March 8, 2017 - 10:40 By KH디지털2

South Korea plans to carry out massive free tests for latent tuberculosis this year as part of efforts to cut the high incidence rate of the infectious disease in the country, officials said Wednesday.

Starting in April, some 600,000 high school freshmen, teachers and other school employees will be tested for latent TB -- a condition in which the TB bacteria is in the body but inactive with no symptoms, according to the Ministry of Health and Welfare.
 

(Yonhap)

TB patients are said to increase considerably around the age of 15. Without treatment, about 5 to 10 percent of latent TB patients are known to develop TB at some time in their lives, usually between 15 and 40.

About 850,000 South Koreans aged 40 will also get tested for latent TB during their annual mandatory medical checkups from July this year.

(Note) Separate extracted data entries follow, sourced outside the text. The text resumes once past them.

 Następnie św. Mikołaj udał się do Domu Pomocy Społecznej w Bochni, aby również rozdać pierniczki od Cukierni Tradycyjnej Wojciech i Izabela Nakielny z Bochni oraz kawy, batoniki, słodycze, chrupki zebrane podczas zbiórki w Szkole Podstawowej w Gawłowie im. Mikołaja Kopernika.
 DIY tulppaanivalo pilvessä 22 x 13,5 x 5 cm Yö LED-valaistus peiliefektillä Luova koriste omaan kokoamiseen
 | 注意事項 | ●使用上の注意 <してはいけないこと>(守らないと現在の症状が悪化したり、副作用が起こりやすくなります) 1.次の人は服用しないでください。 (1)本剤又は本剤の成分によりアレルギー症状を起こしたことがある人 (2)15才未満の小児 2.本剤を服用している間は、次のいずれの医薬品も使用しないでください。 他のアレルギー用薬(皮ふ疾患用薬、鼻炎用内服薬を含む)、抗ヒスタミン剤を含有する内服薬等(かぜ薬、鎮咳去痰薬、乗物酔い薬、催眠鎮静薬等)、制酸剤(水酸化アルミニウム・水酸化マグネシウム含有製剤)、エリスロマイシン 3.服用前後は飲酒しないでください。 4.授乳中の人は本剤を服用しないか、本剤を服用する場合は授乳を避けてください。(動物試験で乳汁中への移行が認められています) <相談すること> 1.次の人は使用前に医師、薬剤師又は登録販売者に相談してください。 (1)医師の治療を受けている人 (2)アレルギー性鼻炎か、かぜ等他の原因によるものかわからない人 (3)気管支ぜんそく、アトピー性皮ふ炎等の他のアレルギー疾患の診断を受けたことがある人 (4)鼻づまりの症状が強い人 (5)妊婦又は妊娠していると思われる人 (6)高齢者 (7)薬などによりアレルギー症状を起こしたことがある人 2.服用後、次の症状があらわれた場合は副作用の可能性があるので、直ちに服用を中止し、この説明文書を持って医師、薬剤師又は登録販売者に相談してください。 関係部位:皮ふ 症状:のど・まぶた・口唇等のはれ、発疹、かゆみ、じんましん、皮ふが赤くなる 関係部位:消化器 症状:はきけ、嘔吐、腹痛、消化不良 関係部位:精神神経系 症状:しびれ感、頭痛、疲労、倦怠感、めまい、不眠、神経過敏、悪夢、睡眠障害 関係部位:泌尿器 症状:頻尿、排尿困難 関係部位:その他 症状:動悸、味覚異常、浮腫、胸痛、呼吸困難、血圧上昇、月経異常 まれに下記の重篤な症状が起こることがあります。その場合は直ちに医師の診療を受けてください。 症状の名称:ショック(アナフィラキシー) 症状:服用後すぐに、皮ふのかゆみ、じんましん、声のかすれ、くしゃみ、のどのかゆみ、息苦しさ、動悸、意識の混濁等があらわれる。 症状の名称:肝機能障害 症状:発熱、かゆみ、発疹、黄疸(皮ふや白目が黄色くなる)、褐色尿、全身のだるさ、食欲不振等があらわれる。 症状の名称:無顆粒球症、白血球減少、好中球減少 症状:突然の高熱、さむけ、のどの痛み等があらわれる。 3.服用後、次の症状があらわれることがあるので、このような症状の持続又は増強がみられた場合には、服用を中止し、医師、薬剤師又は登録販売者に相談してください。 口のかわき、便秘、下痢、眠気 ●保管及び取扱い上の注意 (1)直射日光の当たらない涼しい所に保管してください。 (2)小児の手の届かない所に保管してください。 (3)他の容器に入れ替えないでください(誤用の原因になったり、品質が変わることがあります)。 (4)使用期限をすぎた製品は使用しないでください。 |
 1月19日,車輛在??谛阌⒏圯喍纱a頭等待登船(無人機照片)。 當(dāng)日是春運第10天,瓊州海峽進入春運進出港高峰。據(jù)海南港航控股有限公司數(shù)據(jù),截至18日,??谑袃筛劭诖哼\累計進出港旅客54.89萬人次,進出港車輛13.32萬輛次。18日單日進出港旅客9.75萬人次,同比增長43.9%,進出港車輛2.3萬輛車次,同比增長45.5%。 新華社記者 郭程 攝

In January, the ministry required all possible military conscripts and employees of postpartum centers to receive a mandatory test for latent TB. The compulsory tests will be expanded to workers at daycare centers, hospitals and welfare facilities in March, and to prison inmates in May.

The move comes as South Korea has the highest prevalence rate of TB among members of the Organization for Economic Cooperation and Development. The country had 63 patients per 100,000 people in 2015. Portugal ranks second with 25 patients, followed by Poland with 21.

Yet South Korea's TB incidence rate has been on the decline.

The country's new TB patients stood at 32,181 in 2015, down 2,688 from the previous year.

In March last year, the ministry unveiled a package of measures to counter TB, which calls for lowering the country's incidence rate for the disease to 12 patients per 100,000 people by 2025. (Yonhap)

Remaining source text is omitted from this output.